Kwasi Kwarteng Cuts Short Washington Trip As Mini-Budget U-Turn Looms

The chancellor had been in America for a meeting of the International Monetary Fund.
Kwasi Kwarteng had not been due to leave until the weekend.
Kwasi Kwarteng had not been due to leave until the weekend.
Stefan Rousseau via PA Wire/PA Images

Kwasi Kwarteng has cut short a visit to Washington to fly back to London as the government prepares for another humiliating mini-budget U-turn.

In a surprise move, the chancellor left a meeting of the International Monetary Fund a day early in a clear sign that a fresh climbdown is on the cards.

The dash back to London came just hours after he said: “I’m not going anywhere.”

Treasury sources told the BBC that Kwarteng “really wants to engage not only with government colleagues, but also MPs” about the fall-out from last month’s disastrous mini-budget.

The chancellor and Liz Truss have already performed one U-turn by scrapping plans to abolish the 45p tax raid paid by the highest earners.

In a further shattering blow to the pair’s economic credibility, the government is now expected to go ahead with an increase to corporation tax, despite previously insisting it was remaining at 19p.
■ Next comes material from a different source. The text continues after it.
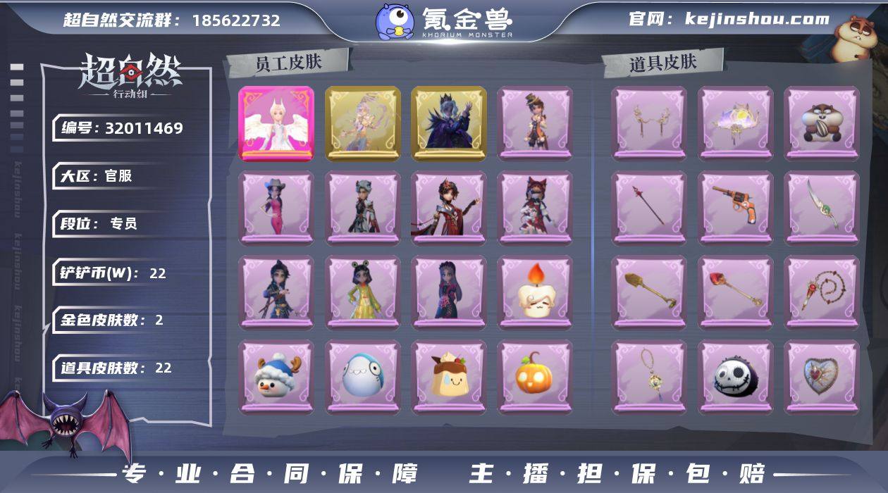 粉皮1;金皮2;紫皮9;道具皮22;皮肤:小黄-炽天使,逍遥-莲华渡,零-渡鸦公爵,小黄-呱呱雨衣,逍遥-绣春逍影,阿念-庆宴绮愿,莉莉-莓果陷阱,爱丽丝-丝缕哀歌,艾伦-黎明猎手,薇薇安-仙锋小姐,巫铃儿-琢玉怀乡,爱丽丝-耀眼的你;道具:转轮手枪-新星时代,黄牛能量饮料-青玉抱丹,急救包-蔷薇物语,额外的背包-灵感泉之花,摸金符-紫霄,急救包-土拨鼠捏捏,腰包-宝剑八,铲子-圣心之泪,刺刀-碧络琅环,夜视仪-敛花容,腰包-红运福虎,铲子-龙鳞,音响-happy猫,音响-月光奏鸣曲,长鞭-缚誓之锁,短管猎枪-赞萌露比水枪,音响-鸣沙鼓,腰包-惊魂娃娃,电击枪-权杖的许诺,摸金符-海洋之心,折扇-赴此良宵,长枪-罪棘;美妆:美妆-天使之泪,美妆-萌兔气泡;饰品:头饰-嘻嘻头套,头饰-小狗蛇点点头套,头饰-惊魂南瓜头套,头饰-烛光纪念,头饰-蒜了八,头饰-哈士奇头套,头饰-呆滞头套,头饰-滑稽头套,头饰-太空鲨头套,头饰-卑微头套,头饰-面具马头套,头饰-鱼头怪头套,头饰-火爆了头套,头饰-萨卡班甲鱼头套,头饰-炙热烧烤,头饰-马上有钱,头饰-烈焰红唇头套,头饰-大葱明头套,头饰-小财神豚豚头套,头饰-雪墩墩头套,头饰-饺饺者头套,头饰-樱桃奶油布丁,头饰-粽小宝头套,头饰-像素朋克墨镜,头饰-后室幸存者头套,挂饰-糖果守卫,挂饰-天使消失的年代,挂饰-晚安小熊,挂饰-拂云仙,挂饰-钗头凤,挂饰-孤独对望,背饰-白鼬趴趴,背饰-蝶恋花,背饰-牛啤背包;动作:动作-刀马舞,动作-知世摇,动作-不孬摇,动作-舞台中心,动作-luvaboy,动作-抖肩舞,动作-新年摇,动作-鹏友摇,动作-姬芽摇,动作-抬手,动作-蝴蝶步,动作-要糖,动作-旋转舞,动作-举牌,动作-KT猫摇,动作-带你逃跑吧,动作-拜年;工牌背景:工牌背景-珊瑚海,工牌背景-卷珠帘,工牌背景-甜心的囚笼,工牌背景-永恒之阶,工牌背景-春和景明,工牌背景-鸢尾花,工牌背景-琢玉成佩,工牌背景-童话扉页,工牌背景-永夜巡...

Both moves are in response to the economic turmoil caused by last month’s mini-budget, which saw Kwarteng announce £45 billion-worth of unfunded tax cuts in an attempt to stimulate economic growth.

Instead, the pound plummeted, mortgage costs soared and the Bank of England was forced to rescue the pensions industry as the money markets reacted with horror to the chancellor’s plans.
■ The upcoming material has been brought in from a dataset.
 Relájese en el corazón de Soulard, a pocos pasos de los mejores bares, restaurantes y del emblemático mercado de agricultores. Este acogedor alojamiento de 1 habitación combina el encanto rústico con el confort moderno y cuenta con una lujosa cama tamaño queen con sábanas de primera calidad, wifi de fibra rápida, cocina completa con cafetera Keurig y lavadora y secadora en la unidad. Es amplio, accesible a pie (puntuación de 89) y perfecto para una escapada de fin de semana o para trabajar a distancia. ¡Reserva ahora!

Speaking in Washington yesterday, Kwarteng refused to rule out a corporation tax U-turn and rejected suggestions that his and Truss’s jobs are on the line less than six weeks after they took them on.
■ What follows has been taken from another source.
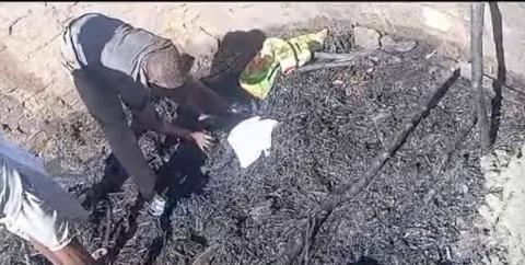 وقد تم انتشال جثمان الرضيع الذي يبلغ من العمر عاما واحدا من تحت ركام سقف الكوخ المحترق بجهود محلية في مشهد صادم لذويه وسكان القرية.
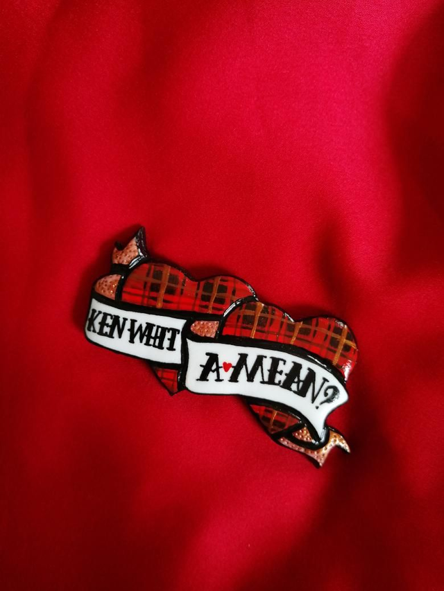 This double heart piece of braw banter is made by hand from polymer clay about 7cm in lenght and painted with a stainless steel brooch back. Varnished to help protect in wear and made to order.

Asked specifically if a U-turn was on the cards, he said: “What I’m totally focused on is on delivering on the mini-budget, making sure we get growth back into our economy.”

And asked if he and the PM will still be in their jobs this time next month, Kwarteng said: “Absolutely, 100 per cent. I’m not going anywhere.”

He later further fuelled speculation by saying “let’s see” when asked if a U-turn was coming.

Kwarteng and Truss’s futures remain highly uncertain as furious Tory MPs plot whether to dump Truss, who only replaced Boris Johnson as prime minister last month.

She faced a bruising meeting of the 1922 Committee of Tory backbenchers on Wednesday night, at which she faced a barrage of hostile questions.

One MP told HuffPost UK: “She was crap and the atmosphere was pretty flat in the room. Even the whips couldn’t be bothered getting people to ask supportive questions.”